• **Information shown**:
>>>

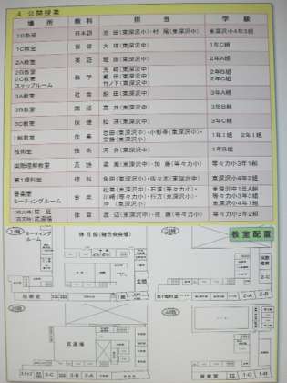 9時45分から10時35分までは、授業を公開します。ひがしの4年生が中学校の教室で学習します。
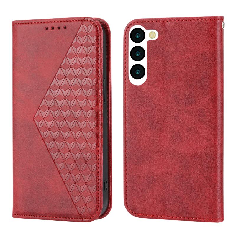 Θήκη κινητού Samsung Galaxy S23 5G από δέρμα με μαγνητική απορρόφηση, με υφή μοσχαρίσιου δέρματος και κυβικό σχέδιο (Κίτρινο)
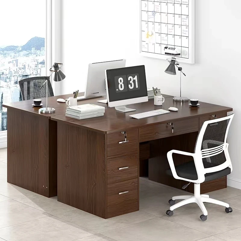 シンプルモダンなオフィスデスク - 鍵付きで安全、快適な作業空間を提供する従業員用コンピュータデスク!経営者やオフィススタッフに最適なデザイン。ビジネスをサポートする実用性抜群のデスクです。
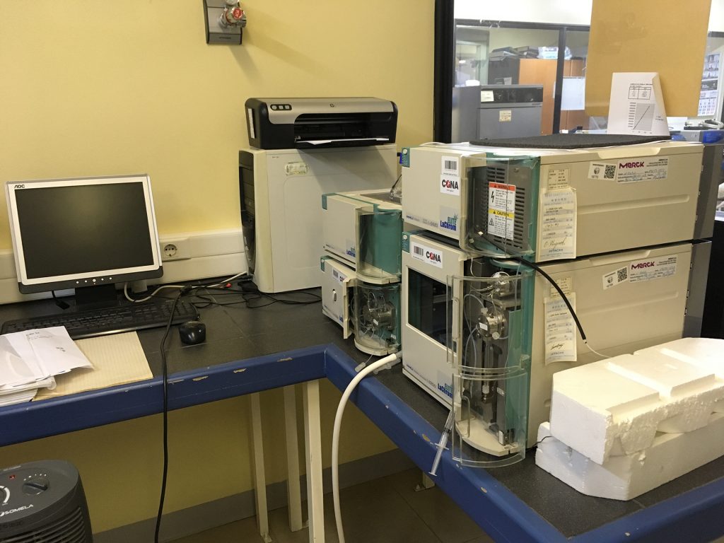 • HPLC Hitachi Elite Lachrom (Organizer, Bomba L-2130, Autosampler L-2200, Detector L-2420).

<<<

• **Instructions for the task**:
Copy all the data exactly as written, but skip any picture.

• **Answer to the exercise**:
 9時45分から10時35分までは、授業を公開します。ひがしの4年生が中学校の教室で学習します。
 Θήκη κινητού Samsung Galaxy S23 5G από δέρμα με μαγνητική απορρόφηση, με υφή μοσχαρίσιου δέρματος και κυβικό σχέδιο (Κίτρινο)
 シンプルモダンなオフィスデスク - 鍵付きで安全、快適な作業空間を提供する従業員用コンピュータデスク!経営者やオフィススタッフに最適なデザイン。ビジネスをサポートする実用性抜群のデスクです。
 • HPLC Hitachi Elite Lachrom (Organizer, Bomba L-2130, Autosampler L-2200, Detector L-2420).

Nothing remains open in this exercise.